Bryant filed a § 1988 lawsuit alleging, as relevant to this appeal, that the suspicion- *294 less drug test and termination violated his rights under the Fourth Amendment, Article I, § 5 of the Louisiana Constitution, the CBA, and the Due Process Clause of the Fourteenth Amendment. The parties consented to proceed before a U.S. Magistrate Judge, who granted defendants’ motion for summary judgment. The U.S. Magistrate Judge concluded that the City’s drug-testing policy, as applied to Bryant, did not violate his constitutional rights. 2 Bryant timely appealed.

II.

“We review summary judgment de novo, applying the same standard as the district court.” E.g., Thompson v. Mercer, 762 F.3d 433, 435 (5th Cir.2014). We review a lower court’s “ultimate determination of Fourth Amendment reasonableness de novo.” Mack v. City of Abilene, 461 F.3d 547, 552 (5th Cir.2006).

III.

“[Sjtate-compelled collection and testing of urine ... constitutes a ‘search’ subject to the demands of the Fourth Amendment.” Ver nonia Sch. Dist. 47J v. Acton, 515 U.S. 646, 652, 115 S.Ct. 2386, 132 L.Ed.2d 564 (1995) (citing Skinner v. Rwy. Labor Execs. Ass’n, 489 U.S. 602, 617, 109 S.Ct. 1402, 103 L.Ed.2d 639 (1989)). “To be reasonable under the Fourth Amendment, a search ordinarily must be based on individualized suspicion of wrongdoing.” Chandler v. Miller, 520 U.S. 305, 313, 117 S.Ct. 1295, 137 L.Ed.2d 513 (1997) (citing Vernonia, 515 U.S. at 652-53, 115 S.Ct. 2386). “But particularized exceptions to the main rule are sometimes warranted based on ‘special needs, beyond the normal need for law enforcement.’ ” Id. (quoting Skinner, 489 U.S. at 619, 109 S.Ct. 1402). Accordingly, “where a Fourth Amendment intrusion serves special governmental needs, beyond the normal need for law enforcement, it is necessary to balance the individual’s privacy expectations against the Government’s interests to determine whether it is impractical to require a warrant or some level of individualized suspicion in the particular context.” Nat’l Treasury Emps. Union v. Von Raab, 489 U.S. 656, 665-66, 109 S.Ct. 1384, 103 L.Ed.2d 685 (1989).

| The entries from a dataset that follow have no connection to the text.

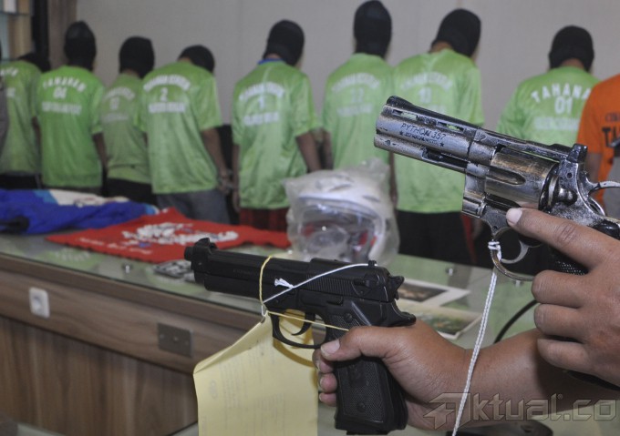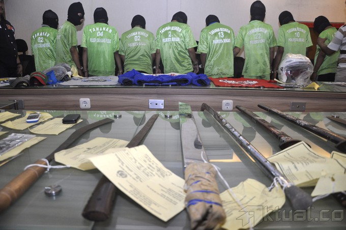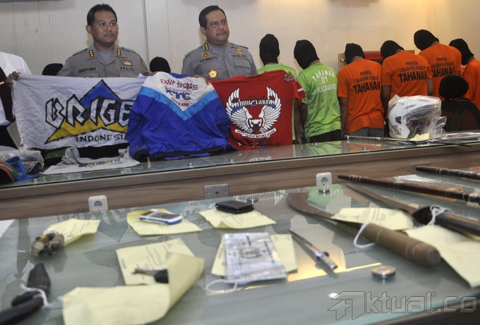 Tersangka anggota geng motor digelandang petugas kepolisian saat dihadirkan dalam rilis awak media di Mapolda Metro Jaya, Jakarta, Senin (29/9/2014). 17 Tersangka yang merupakan anggota dari geng motor Brigez (5 orang), Moonracer (6 orang), dan XTC (6 orang) ini diamankan dari wilayah Bekasi. AKTUAL/TINO OKTAVIANO
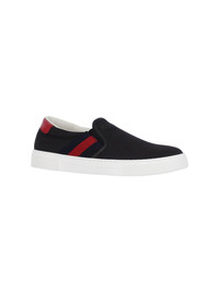 GUCCI ACE SNEAKERS IN BLACK COTTON WITH CALF LEATHER TRIM, ROUND TOE, TOP LOGO EMBROIDERY, BLUE AND RED GROSGRAIN WEB RIBBON ON THE SIDE, RED PATENT CALF LEATHER BACK TAB, CROCODILE PRINT PATTERN, GOLD LOGO PRINT DETAIL, SLIP-ON FIT, AND TEXTURED RUBBER SOLE. PRODUCT INFO PRODUCT CODE 834216 FAEN81051 COMPOSITION: 100% COTTON MADE IN: ITALY - TRIMS: 100% CALF LEATHER - SOLE: 100% RUBBER
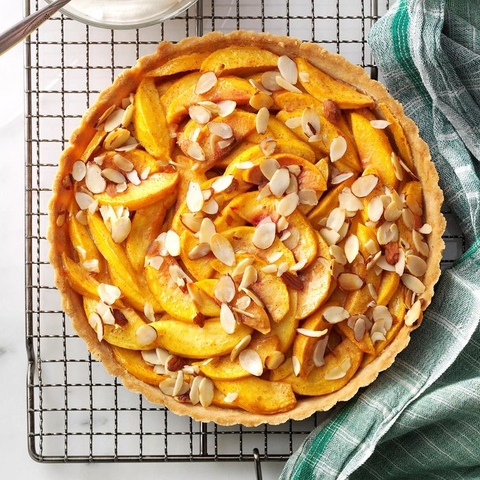 This tart recipe is a great way to showcase beautifully ripe summer peaches. The shortbread crust can be made ahead of time. Once filled with peaches, bake until they’re soft and bubbly and ready for a dollop of whipped cream.
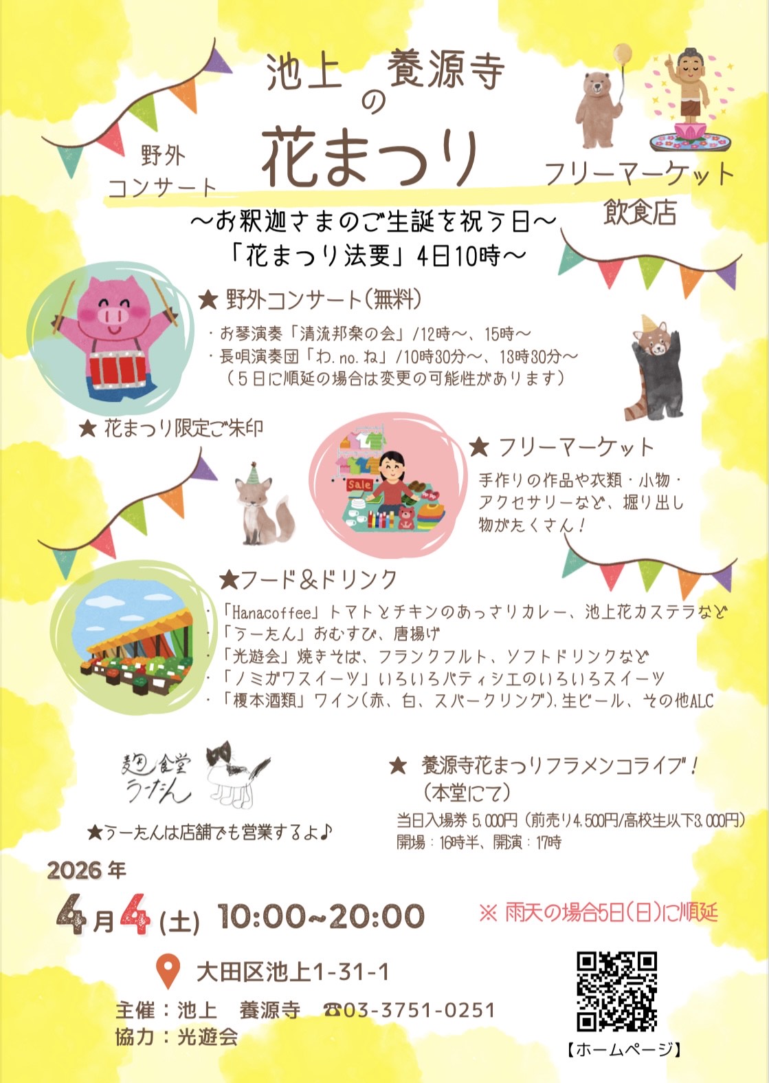 本年も恒例の『花まつり』を4月4日(土) 10:00~20:00に開催いたします!(雨天の場合5日(日)に順延)
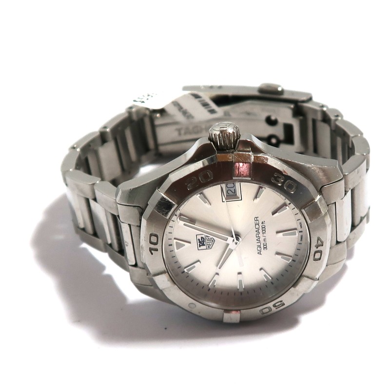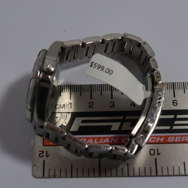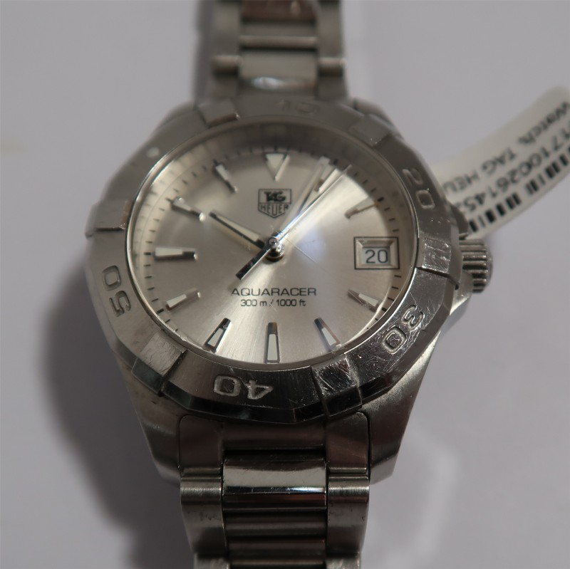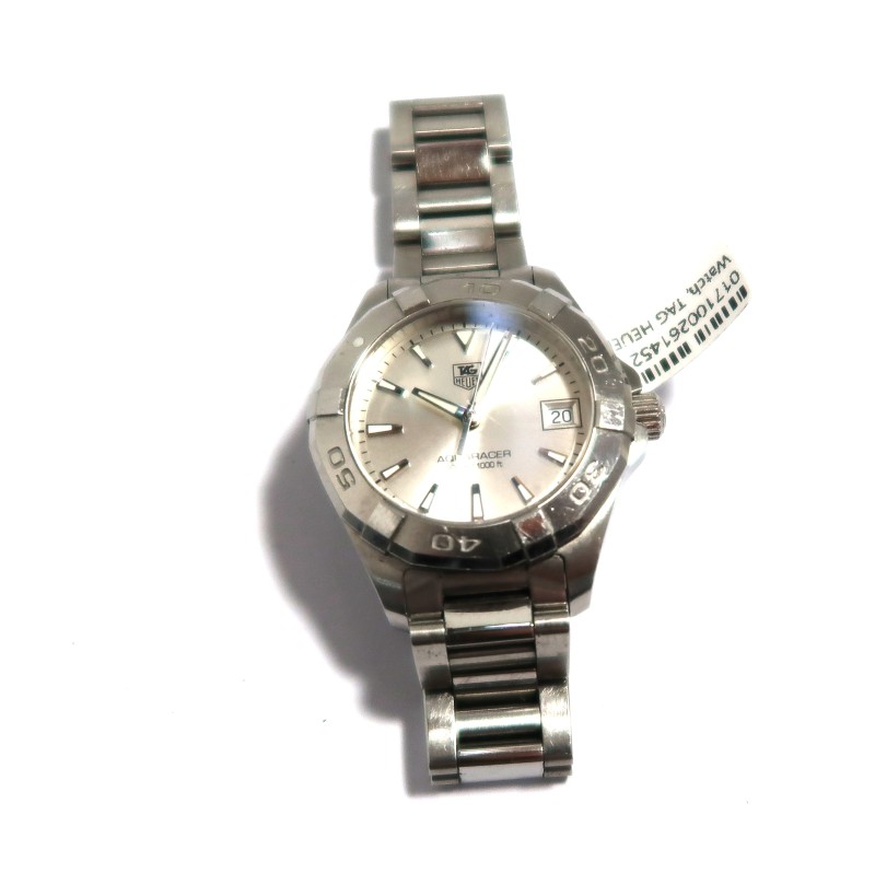 This elegant ladies' TAG HEUER dress watch features a sleek silver-tone stainless steel case and bracelet. The minimalist dial with stick hour markers and a date display window creates a sophisticated, timeless look. Powered by a reliable quartz movement, this pre-owned timepiece will keep you punctual throughout the day. Its classic design makes it suitable for both casual and formal occasions.
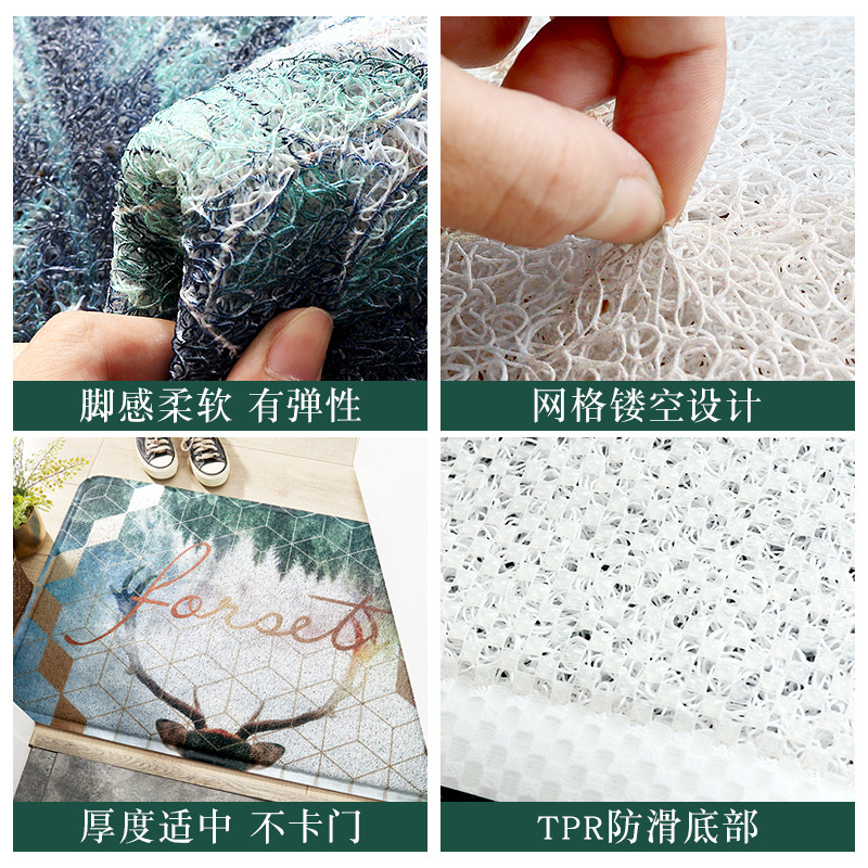 ins北歐環保PVC除塵入戶地墊 家用進門耐磨耐蹭絲圈鏤空防滑腳墊

The Supreme Court’s decision in Skinner is illustrative. In Skinner, the Federal Railroad Administration (“FRA”) passed regulations requiring drug testing of railroad employees after significant accidents, and authorizing discretionary drug testing after certain specified safety violations. See 489 U.S. at 609-11, 109 S.Ct. 1402. Presented with a facial Fourth Amendment challenge to the constitutionality of those regulations, the Supreme Court first concluded that public safety is a special, non-law-enforcement need justifying drug testing of safety-sensitive railroad employees as a way of enforcing restrictions on workplace drug and alcohol use. See id. at 620-21, 109 S.Ct. 1402.

The Supreme Court then examined the reasonableness of the drug testing program by balancing the employees’ privacy interests against the government’s need to test without individualized suspicion. See id. at 624, 109 S.Ct. 1402.